If a company’s CEO is its heart, its board is its head. Barry-Wehmiller is no exception.

Although Chapman swears by his management philosophy, his board’s job is to keep him accountable and rooted in creating shareholder value.

“There’s been healthy skepticism,” says board member John Stroup, president and CEO of St. Louis-based Belden Inc., the $2.3 billion manufacturer of networking, connectivity and cable products. “I’ve definitely been in meetings where people have challenged Bob on the economic benefits of what we’re doing. Sure, it sounds good. And it feels good. But is it helping our shareholders?”

The conversation is ongoing—but the board so far is convinced that it is.

“Barry-Wehmiller acquires a lot of companies, and Bob almost never changes the people out when he does. What he does, instead, is he creates an environment where he gets a lot more out of the people who are there than the company did before it was acquired. He does that by treating them with respect, listening to them, making certain they can participate [in decision making], creating incentives for them and motivating them,” Stroup says. “A couple things have become obvious to the board, in terms of the tangible, economic value of this approach.”

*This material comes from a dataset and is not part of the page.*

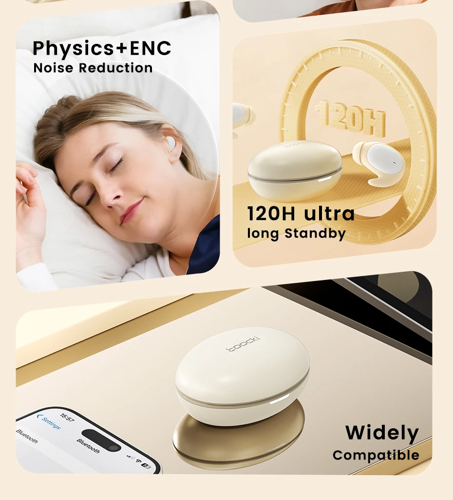 Physics+ENC:Ergonomic in-ear noise cancellation that fits closely to the ear canal, combined with ENC, makes the headphones truly valuable for sleep and everyday use.

First, Stroup points to retention. “Most companies that struggle with retention also struggle with creating shareholder value,” he says. “It’s rare that people leave Barry-Wehmiller voluntarily. It just doesn’t happen very often.”

Second, Stroup points to Barry-Wehmiller’s M&A track record. “We’re very acquisitive, and when you’re in that acquisitive mode you’re often competing for companies,” he continues. “The culture at Barry-Wehmiller is making it a lot easier for us to convince companies to sell their businesses to us rather than to someone else. Because as you can imagine, they care a lot about who their new owner is going to be.”

But Chapman’s leadership model can only work in the presence of sharp strategy and solid business acumen, Stroup says. “People sometimes think, ‘If everybody just treated their employees well everything would be great.’ I’m sorry to say, it requires more than that,” Stroup says. “Fortunately, Bob is a very good businessperson. He wouldn’t be able to do the things he does for his folks if he didn’t have such a great business and if he didn’t run it so well.”